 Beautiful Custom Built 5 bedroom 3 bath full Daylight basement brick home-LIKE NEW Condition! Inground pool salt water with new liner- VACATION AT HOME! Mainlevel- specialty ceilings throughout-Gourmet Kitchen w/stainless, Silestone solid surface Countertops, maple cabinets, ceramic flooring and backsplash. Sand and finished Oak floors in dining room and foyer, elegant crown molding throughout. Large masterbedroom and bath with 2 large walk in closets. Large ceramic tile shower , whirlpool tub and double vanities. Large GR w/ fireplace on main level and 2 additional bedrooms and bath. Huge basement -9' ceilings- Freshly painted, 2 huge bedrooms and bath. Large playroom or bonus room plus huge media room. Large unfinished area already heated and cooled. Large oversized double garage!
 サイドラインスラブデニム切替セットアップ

...

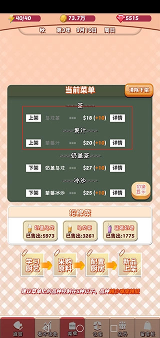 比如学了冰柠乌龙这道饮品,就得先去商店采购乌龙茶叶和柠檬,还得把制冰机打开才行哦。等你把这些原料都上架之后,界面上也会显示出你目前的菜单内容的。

==

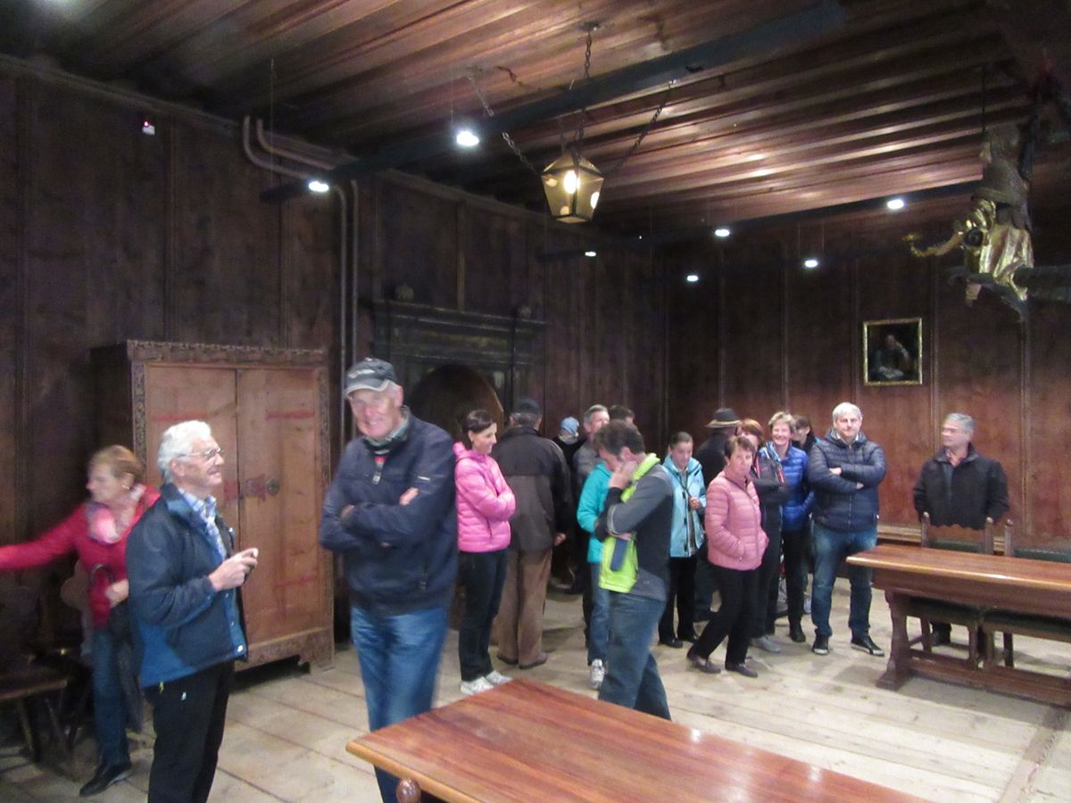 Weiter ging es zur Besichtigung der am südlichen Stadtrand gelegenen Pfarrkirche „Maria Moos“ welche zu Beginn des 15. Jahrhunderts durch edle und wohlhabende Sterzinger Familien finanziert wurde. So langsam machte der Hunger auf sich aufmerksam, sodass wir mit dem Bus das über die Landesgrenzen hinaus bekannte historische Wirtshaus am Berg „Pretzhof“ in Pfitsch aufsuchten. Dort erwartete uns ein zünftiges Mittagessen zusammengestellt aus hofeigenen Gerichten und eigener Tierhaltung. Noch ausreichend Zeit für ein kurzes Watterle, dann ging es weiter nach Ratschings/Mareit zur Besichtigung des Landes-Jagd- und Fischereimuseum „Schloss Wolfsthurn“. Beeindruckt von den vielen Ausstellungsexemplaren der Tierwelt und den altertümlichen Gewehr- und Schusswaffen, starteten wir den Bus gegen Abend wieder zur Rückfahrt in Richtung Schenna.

**DIRECTIONS FOR THIS TASK**
Taking the entries above, write out exactly the lines starting with the line containing "Beautiful Custom Built" and going on through the line containing "サイドラインスラブデニム切替セットアップ", both included, and nothing else.

**SOLUTION**
 Beautiful Custom Built 5 bedroom 3 bath full Daylight basement brick home-LIKE NEW Condition! Inground pool salt water with new liner- VACATION AT HOME! Mainlevel- specialty ceilings throughout-Gourmet Kitchen w/stainless, Silestone solid surface Countertops, maple cabinets, ceramic flooring and backsplash. Sand and finished Oak floors in dining room and foyer, elegant crown molding throughout. Large masterbedroom and bath with 2 large walk in closets. Large ceramic tile shower , whirlpool tub and double vanities. Large GR w/ fireplace on main level and 2 additional bedrooms and bath. Huge basement -9' ceilings- Freshly painted, 2 huge bedrooms and bath. Large playroom or bonus room plus huge media room. Large unfinished area already heated and cooled. Large oversized double garage!
 サイドラインスラブデニム切替セットアップ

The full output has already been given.